Ofdrykkja - Gryningsvisor

Review

Beschäftigt man sich mit der Vergangenheit der drei Bandmitglieder von OFDRYKKJA, so fällt unweigerlich auf, welch steinigen Lebensweg die Schweden hinter sich haben. So saß Multiinstrumentalist Drabbad eine Weile im Gefängnis, wo er unablässig neue Songs schrieb und clean wurde, während Bandkollege Pessimisten sich seiner Alkoholsucht stellte und diese schließlich auch überwand. Und auch wenn das Trio immer wieder mit schweren Schicksalsschlägen zu kämpfen hatte, so bildet doch gerade diese bewegte Vergangenheit das optimale Fundament für ehrlichen, emotionalen Atmospheric Black Metal. Ob „Gryningsvisor“ diesen Erwartungen gerecht werden kann, lest ihr hier.

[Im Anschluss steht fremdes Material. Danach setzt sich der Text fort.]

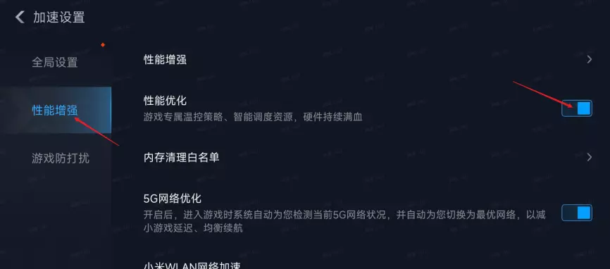 6.在“性能增强”中打开“性能优化”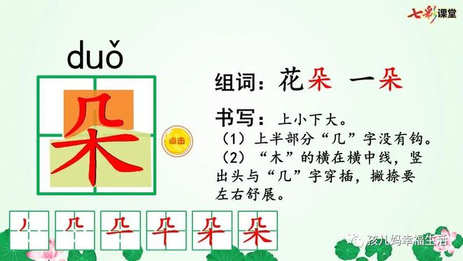 4、一朵花,一朵朵,一朵云,一朵儿。2花园里开着一朵朵的花。天空中飘着一朵云。海边有一朵朵浪花在拍打着海岸。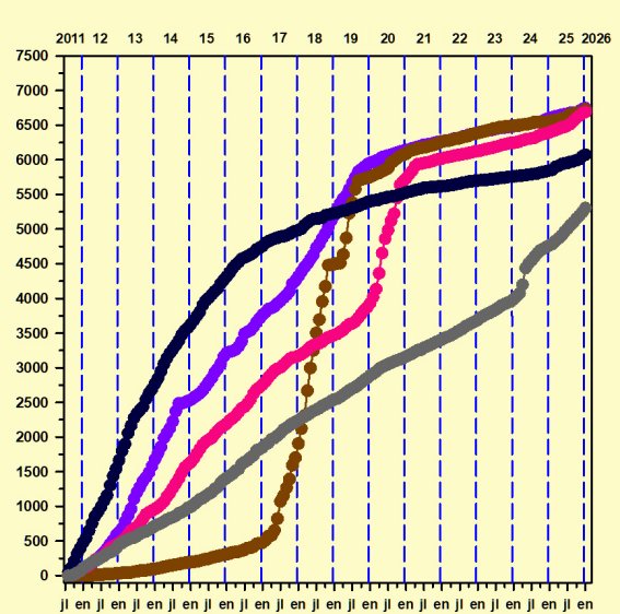 Éstos son, al día de hoy, el quinto grupo de cinco artículos más populares de mi página, es decir, del vigésimo primero al vigésimo quinto. La gráfica representa las visitas acumuladas a todos ellos desde agosto de 2011 hasta la actualidad, mientras la tabla recoge el número total de estas visitas. Pulsando sobre los títulos se puede acceder directamente a su lectura.
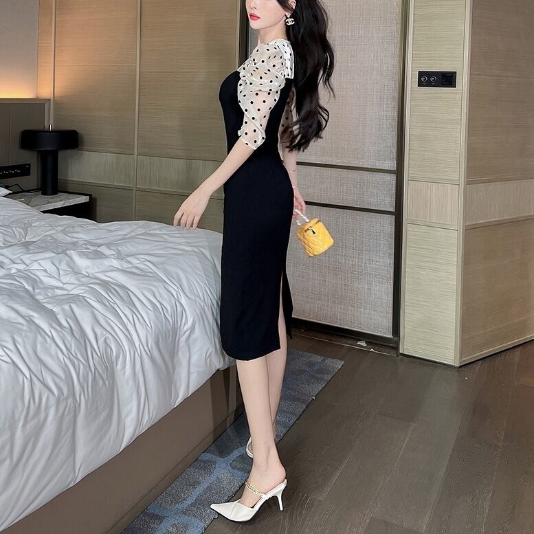 ワンピース タイトワンピース ドレスワンピース ミディアムワンピース ドット切り替えワンピース クルーネック シアーショルダー ドット柄 ドッキングワンピース タイト ミディアム丈 ひざ下 レディース パーティードレス お呼ばれドレス オシャレ きちんと感 キレイめ 上品 フェミニン 大人可愛い エレガント ガーリー クラシカル 結婚式 二次会 お呼ばれ スタイルアップ パーティー オケージョン スマート コンパクト 細見え 可愛い レトロ 演奏会 発表会 フォーマルドレス 鮮度アップ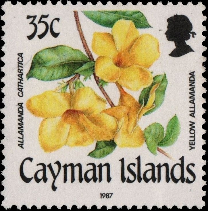 Visibility: public Image owner: none postage 11/18/1987 35c multi dt=flowers (1987 Cayman Islands) d=Allamanda cathartica (1987 Cayman Islands) wmk=mult crown & script CA perf=14.25x14 Crops No visible images cropped from this one. Measurements Resolution is unknown. Source Source name: Colnect File URL: http://i.colnect.net/b/2229/598/Yellow-Allamanda.jpg Uploaded May 25, 2016, 8:13 pm by Stan Shebs |
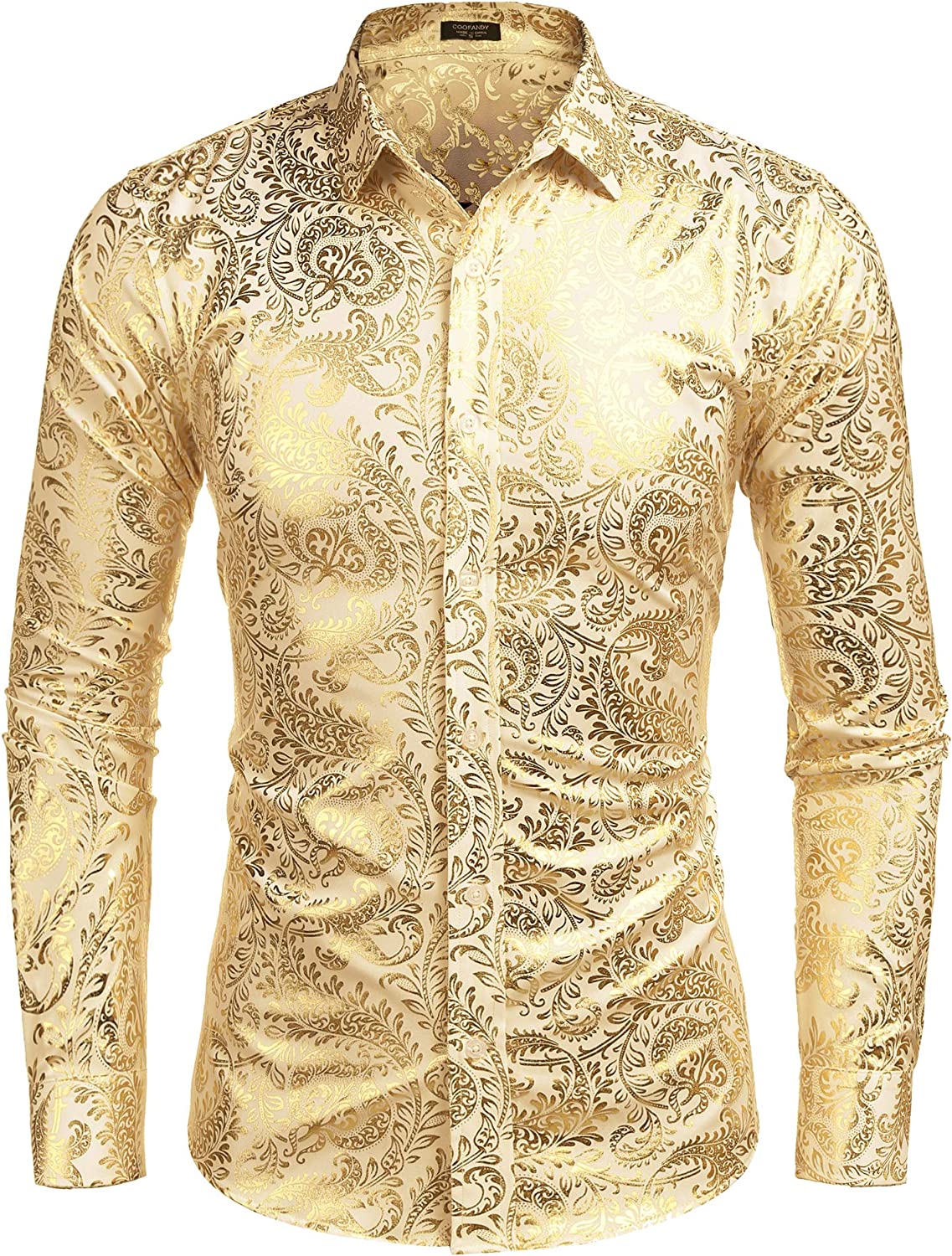 - Elegant Gold Floral Printed Dress Shirts: Crafted from hand selected material, this long sleeve shirt has been elaborately tailored for a comfortable regular fit. Clean and understated designs give an instant touch of effortless cool.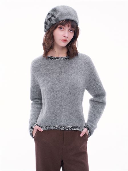 舒適滿分馬海毛羊毛針織上衣-灰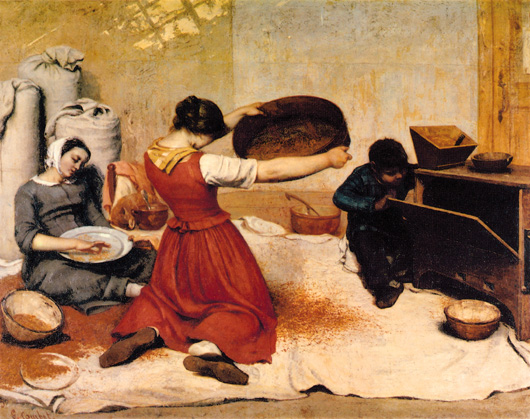 享受。画家重点描绘了跪着筛麦的女子形象,从她圆润的手臂、丰满健壮的背影,可以想象这是一位健康美丽的农村姑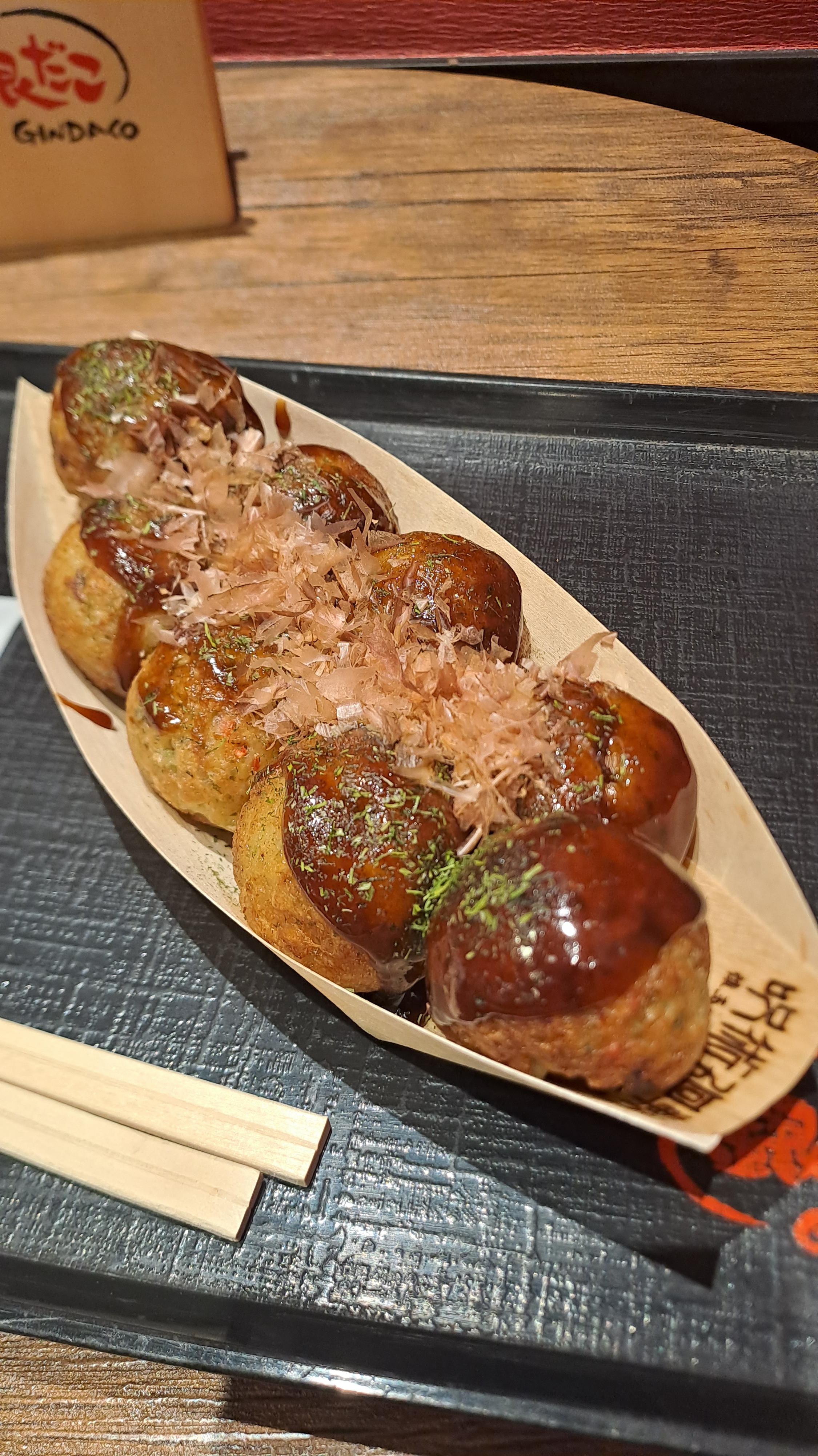 스테이크를 먹고 후식으로 타코야끼를 먹었다.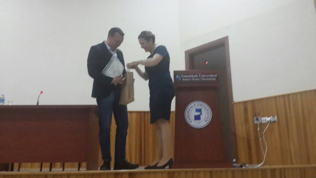 Konferans sonunda Buldan Meslek Yüksekokulu Moda Tasarım Bölümü Öğretim Görevlisi Dr. Gizem Karakan Günaydın, Kemal Sarıkaya’ya teşekkür ederek, teşekkür belgesi sundu.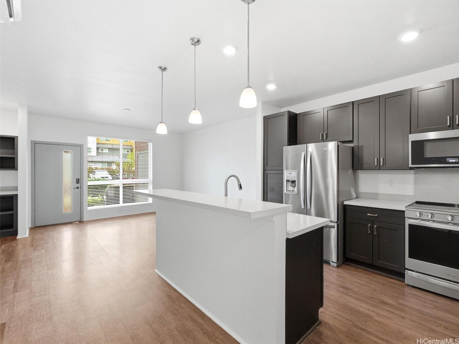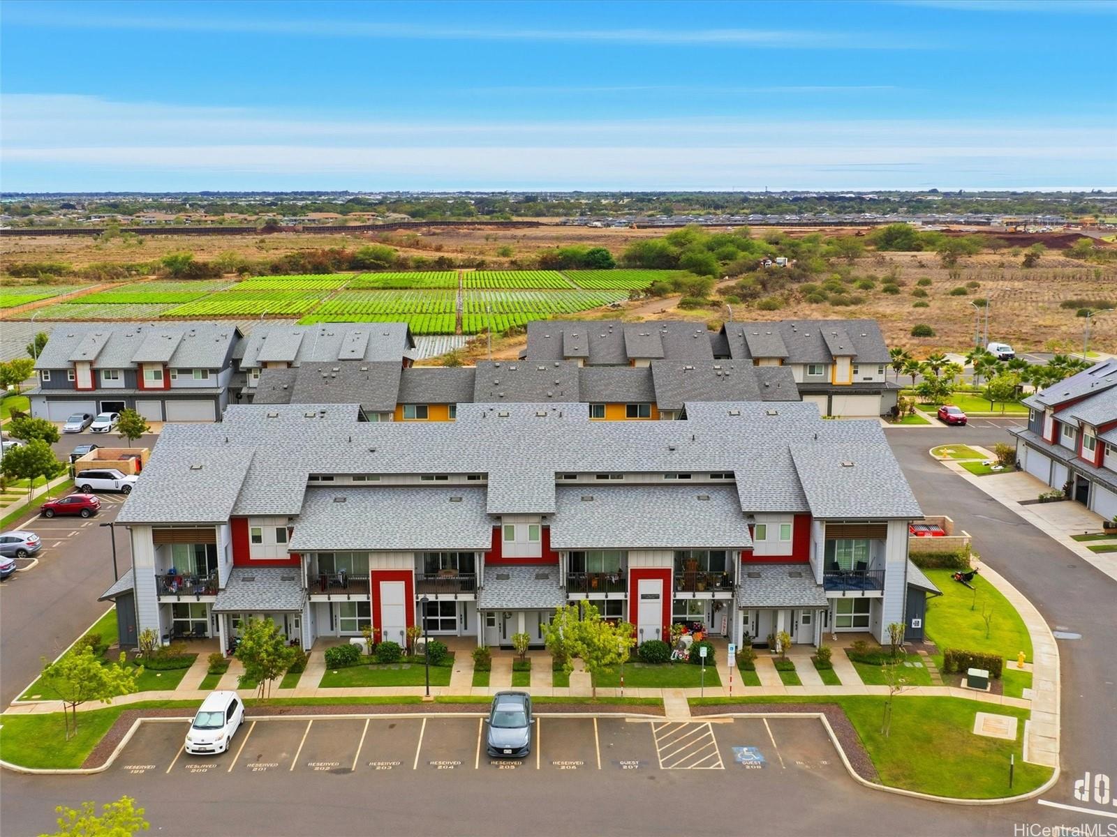 652 interior square feet of comfortable living space. The spacious bedroom opens directly to a private, fenced backyard, providing added privacy and functional outdoor space. The open living and kitchen layout is efficient for everyday living. The unit includes two assigned parking stalls, an uncommon feature for a one-bedroom. Ideally located within walking distance to Ho‘opili’s parks, playgrounds, community pool, Local Joe’s Coffee, and Sage Creamery, with convenient proximity to freeway access for an easy commute. This home delivers ground-floor convenience, walkability, and accessibility in a community where opportunities like this are limited.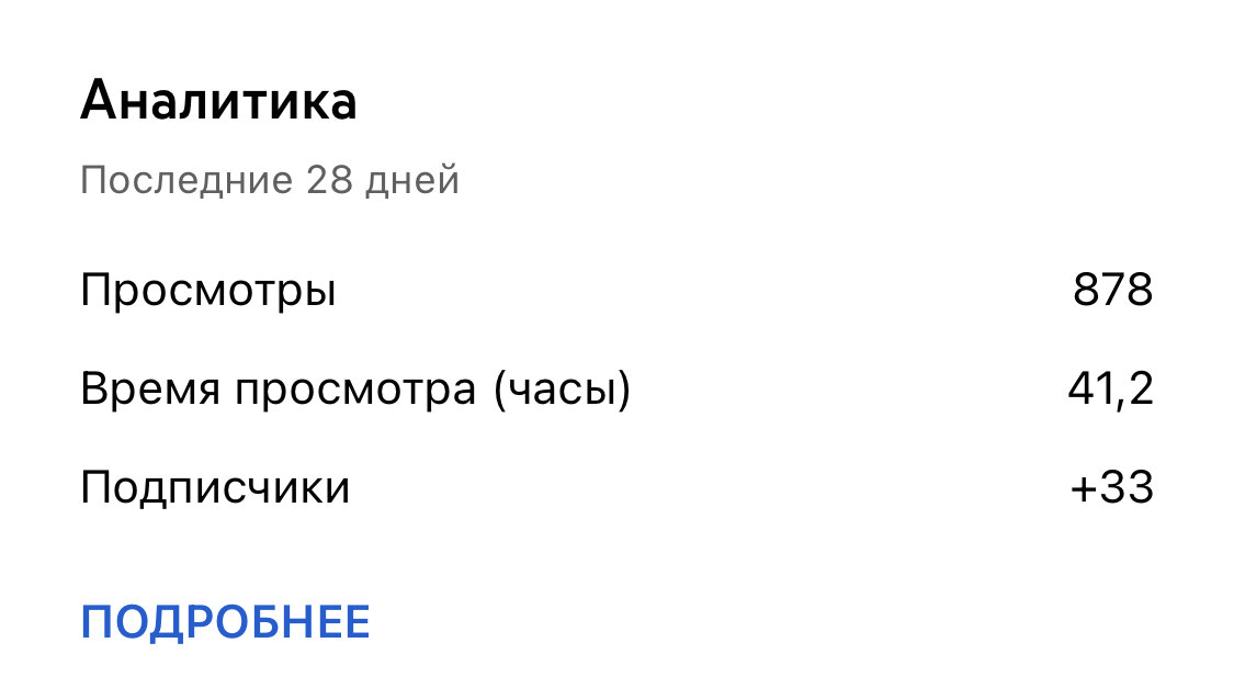 Создала и веду два канала: блог о жизни в России, и мобильные игры. Блог о жизни в России, общее число просмотров 878, подписчиков 33. Мобильные игры, общее число просмотров 157, подписчиков 2. Обоим каналам месяц. Хочу поднажать, за следующий месяц выйти на монетизацию. Чтобы в моих видео начали показывать рекламу, необходимо набрать 4000 просмотров и 1000 подписчиков. Канал «блог о жизни в России» заходит лучше, т.к. затрагиваю темы про санкции, продукты, празднование дня Победы. Но стараюсь вести блог вдалеке от политики. Аудитория живая, пишут комментарии. Свободно ещё не могу говорить, общаться из-за этого записывать не совсем полноценные видео. Изучаю английский, мой уровень ноль, прям совсем базовый. Не сдаюсь, каждый день смотрю по 15-20 минут сериал на английском, занимаюсь в приложении. Появляется больше понимания, о чем идет речь, могу читать более-менее, но говорить 🗣 строить предложения ещё затруднительно. Игровой канал, по рекомендациям опытных ребят нужно выкладывать по

OFDRYKKJA – Vom Leben gezeichnet

Bereits das folkig-düstere Intro „Skymningsvisa“ bietet einen aussagekräftigen Vorgeschmack darauf, was den Hörer auf „Gryningsvisor“ erwartet. Die bedrückende Atmosphäre zieht sich nahtlos durch das Album, ohne dabei über klischeehafte Momente zu stolpern. Nummern wie „The Swan“ oder „Swallowed By The Night“ punkten mit ihrer Liebe zum Detail, dem perfekt aufeinander abgestimmten Wechsel aus instrumenteller Begleitung und abwechslungsreichem Gesang, sowie zahlreicher Gänsehautmomente. OFDRYKKJA schaffen es bereits zu Beginn des Albums, den Hörer mit verträumten Melodien und der charakteristischen Natürlichkeit ihrer Musik in ihren Bann zu ziehen. Hier und da wirken manche Songs zwar eine Spur zu minimalistisch („Ensam“, „In I Natten“), wem balladeske Folk-Klänge jedoch grundsätzlich zusagen, wird darin kein allzu großes Defizit sehen.

Auch das Konzept hinter „Gryningsvisor“ weiß durchaus zu beeindrucken: Während der erste Teil des Albums in ein tendenziell eher ruhiges Klangkostüm gehüllt ist, nimmt die zweite Hälfte in in Teilen dann doch mehr an Fahrt auf, hält dabei jedoch unablässig an der Grundstimmung der Platte fest. So setzen „As The Northern Wind Cries“ oder „Grey“ dank frostiger Riffs und rauem Sound phasenweise deutliche Black Metal-Akzente, bewegen sich aber nur selten über OFDRYKKJAs selbstgesteckte Genregrenzen hinaus. Angesichts dieser strukturellen Ausrichtung wird deutlich, dass „Gryningsvisor“ nicht einfach nur eine gute Stunde atmosphärischen Black Metal bietet, sondern vielmehr eine Geschichte erzählt, die vielleicht nicht unbedingt durch Worte, dafür aber umso mehr durch den einzigartigen Sound und die ergreifende Authentizität vermittelt wird.

In der Ruhe liegt die Kraft: OFDRYKKJA strahlen Naturverbundenheit aus

„Gryningsvisor“ – Ehrlicher geht es nicht

Klar, eingefleischte Black Metal-Puristen der alten Schule wird „Gryningsvisor“ – je nach Toleranzgrenze – nur bedingt abholen. Dafür steckt in dem Album dann vielleicht doch ein bisschen zu wenig Old School-Boshaftigkeit. Allerdings öffnet dieser Ansatz gleichzeitig auch Fans anderer Genres Tür und Tor, da OFDRYKKJA nicht nur emotional, sondern auch klanglich ordentlich abliefern. Gerade für die bevorstehenden Wintermonate bietet „Gryningsvisor“ mit seinem in sich gekehrten, aber dennoch facettenreichen Grundkonzept den optimalen Soundtrack für alle, die sich gerne in einem Album voll und ganz verlieren.